To define candidate regions under selection, we then identified all high-differentiation SNPs in the top 0.1 percentile of the AFD distribution. This was done chromosome-specifically (autosomes only), thus taking into account variation in baseline differentiation among chromosomes due to differences in crossover rate and hence total selection density51,52,53 (applying the 0.1 percentile threshold genome-wide identified a very similar set of SNPs, not presented). When high-differentiation SNPs thus identified were located within 50 kb from each other, they were treated as belonging to the same genomic region. From each independent candidate region, we finally selected the SNP exhibiting the highest differentiation plus satisfying a read depth of at least 70× and a MAF of at least 0.25 in the reference sample. In addition, this SNP was required to be sequenced in at least 35 out of the 37 survivors, thus imposing a highly stringent individual representation threshold. This yielded a panel of 126 independent high-differentiation target SNPs ascertained in the natural population comparison, at which we predicted directional selection during the experiment.

Quantifying selection during the experiment

To explore selection during the field experiment, we calculated for each target SNP the allele frequency shift from the reference sample to the survivors. Nucleotide counts from the individually sequenced survivors were here combined directly to a single pool, thus avoiding diploid genotype calling at low sequencing depth. The quantification of allele frequency shifts explicitly considered directionality by always expressing shifts with reference to the stream allele, that is, the allele showing a higher relative frequency in the natural stream than the lake sample.

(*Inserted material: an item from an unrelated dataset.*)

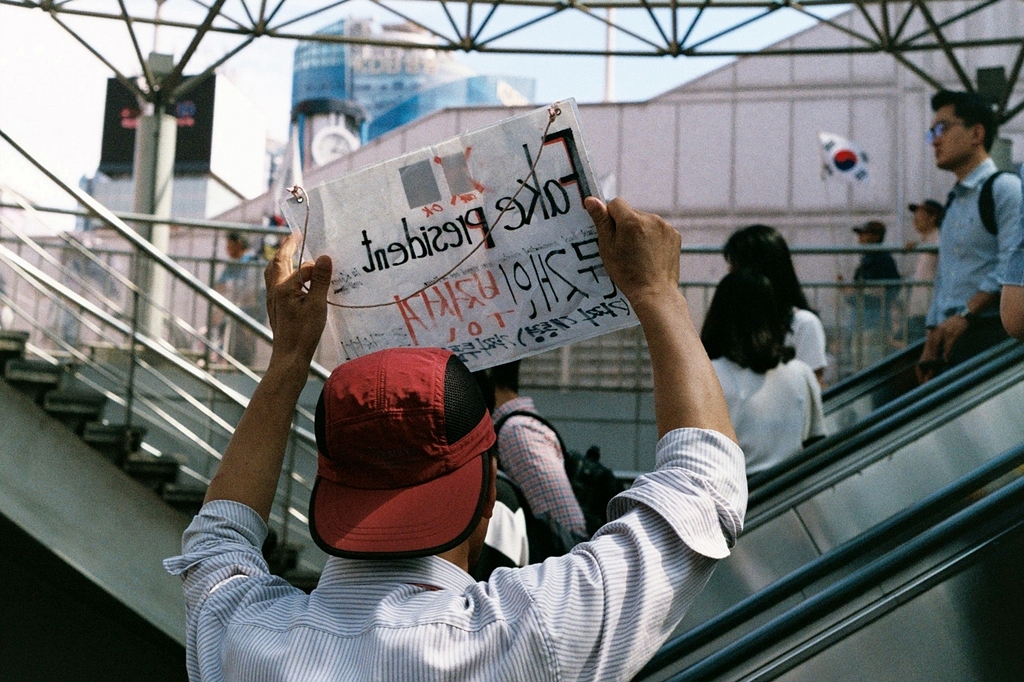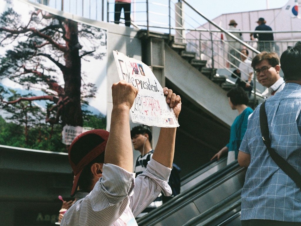 서울역 앞엘 갔는데, 별안간 문재인을 끌어내려야 한다느니 탄핵을 해야 한다느니 어쩌니 하면서 방언을 하듯 고래고래 소리 지르는 사람이 나타났다. 에스컬레이터를 타고 올라가는 동안에 찍어야겠기에 좀 서둘렀는데, 다행히 초점과 노출이 그럭저럭 맞았다.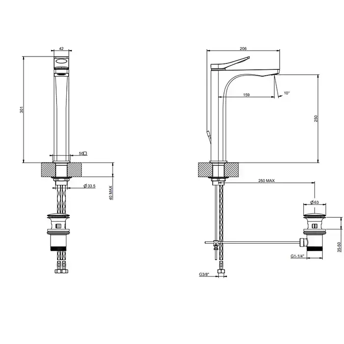 Gessi Rilievo Смеситель для раковины на 1 отв. с донным клапаном h=301мм, излив 159мм , цвет: black XL

To evaluate whether the experimental allele frequency shifts across the target SNPs were exceptional as a whole, we generated a baseline distribution for shifts at ‘neutral’ SNPs based on resampling. For this, we first identified all genome-wide (autosomal) SNPs falling within the AFD range of 0 to 0.1 in the natural population comparison (38% of all SNPs), assuming that these SNPs were not or little influenced by divergent selection between the lake and stream habitat. This subset was then further restricted by retaining only those SNPs exhibiting a MAF of at least 0.35 in the reference sample. The rationale for this highly stringent MAF filtering was that the magnitude of genetic differentiation between samples is contingent on the MAF across their pool50: markers displaying strong differentiation necessarily also show a high MAF, whereas low differentiation is possible across a broader MAF range. Accordingly, our target SNPs—representing high-differentiation markers—showed relatively high MAFs in the reference sample (median: 0.429; Supplementary Fig. 5). With a threshold of 0.35, the MAF spectrum of our neutral SNPs closely approximated the MAF distribution observed across the target SNPs (median: 0.426; Supplementary Fig. 6). Stringent MAF filtering thus precluded that a difference in the magnitude of experimental shifts at the target versus neutral SNPs was an artifact caused by different levels of genetic diversity between these SNP classes.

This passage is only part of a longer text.